Für die Gruppe, vorallem den Barden, ist der Hauptmann generel ein wahrer Segen, und wenn wir schon beim Thema sind, wir sind auch der meistbegehrte Gruppenchar direkt nach dem Barden, man bekommt immer eine Gruppe wenn man konsequent seine Fähigkeiten ausspielt.

Man muss sich nur eines klarmachen, wir sind nicht dazu da Schaden zu machen, wir sind die Versicherung der Gruppe, ohne uns geht alles, mit uns geht alles deutlich streßfreier und leichter. 

Ich möchte sogar soweit gehen und sagen, wenn ihr euch ins Zeug legt und nicht schlaft, gibt es mit uns keinen Wipe mehr.

Also Kameraden ^^ zeigt was in euch steckt und wie wertvoll wir sind.


Grüße

Silenthir

Stufe 42 Hauptmann auf Belegaer




			Dieser Inhalt steht nur eingeloggten Mitgliedern zur Verfügung.
        





P.S.: Bevor ich vergesse warum ich zitiert hab ^^ der Herold hat vier Skins, die per Rüstung im Fernkampfslot eingefügt werden können ab Stufe 20 und zeitgleich die Rüstung erhöhen.


----------



## Finothir (28. Juni 2007)

die verschiedenen rüstungen kann man beim hauptmann trainer erwerben, kosten 6 silber glaub ich un sehen wie folgt aus:
die des artilleristen: mein favorit, einfach ein kettenhemd un eine art robe
die des Pilgers: ziemlich dumm wie ich finde, sieht aus wie so ein fetter mönch^^
die des Knappen: so ähnlich wie artillerist nur mit roten haaren un bart
un die vierte weiß ich nich mehr^^


----------



## -bloodberry- (28. Juni 2007)

Ein Rüstungsschmied kann auch bessere Herold-Rüstungen schmieden (das entsprechende Rezept vorausgesetzt). 

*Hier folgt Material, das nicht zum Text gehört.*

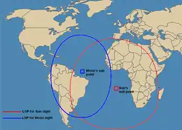- celestial observation (a short segment of the circle of equal altitude, but generally represented as a line),
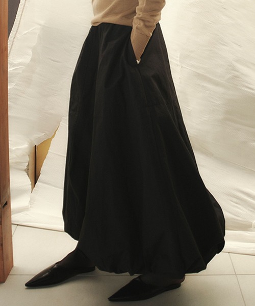 スタイリングにトレンド感をプラス程よいボリューム感が特徴的な大人のバルーンスカートーーー【素材】ハリ感とコシのあるコットンベースの素材を使用。ロングシーズン着用しやすいアイテムです。【デザイン】トレンドライクなスタイルにぴったりなバルーンスカート。適度なボリューム感がポイントになったデザインです。すっきりとした腰周りやカジュアルすぎない素材感で上品さを演出する一着になっています。ーーー【スタイリング】裾にかけてボリュームがあるので、トップスはコンパクトにメリハリのあるスタイリングがおすすめです。
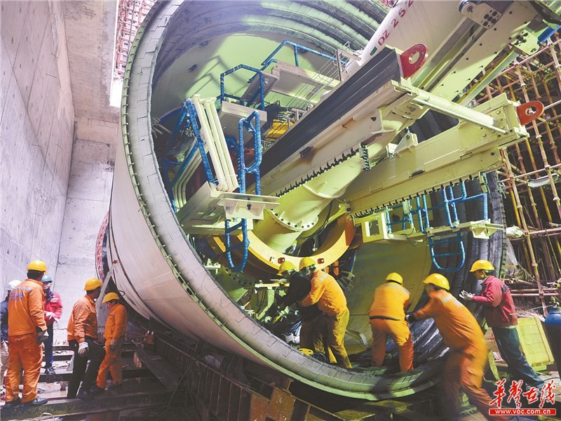 2月4日,长沙地铁4号线碧沙湖站的建设工地,施工人员在对盾构机设备进行调试。春节长假期间,长沙共有1000多名地铁工人放弃与家人团聚,坚守工地为长沙轨道交通建设加油干。

			Dieser Inhalt steht nur eingeloggten Mitgliedern zur Verfügung.


----------



## Maireen (29. Juni 2007)

Schneider könnens auch, zumindest hab ich gestern mit meinem Schneider das Rezept bekommen.


----------



## -bloodberry- (29. Juni 2007)

Oha, kann sein, dass ich mich gerade vertan habe, habe nicht ingame zu dem Zeitpunkt und konnte nicht nachsehen, mein zweiter Charakter ist nämlich Schneider, da ist wohl was durcheinandergekommen.
Also: _Schneider_ können verbesserte Rüstungen für den Herold herstellen. 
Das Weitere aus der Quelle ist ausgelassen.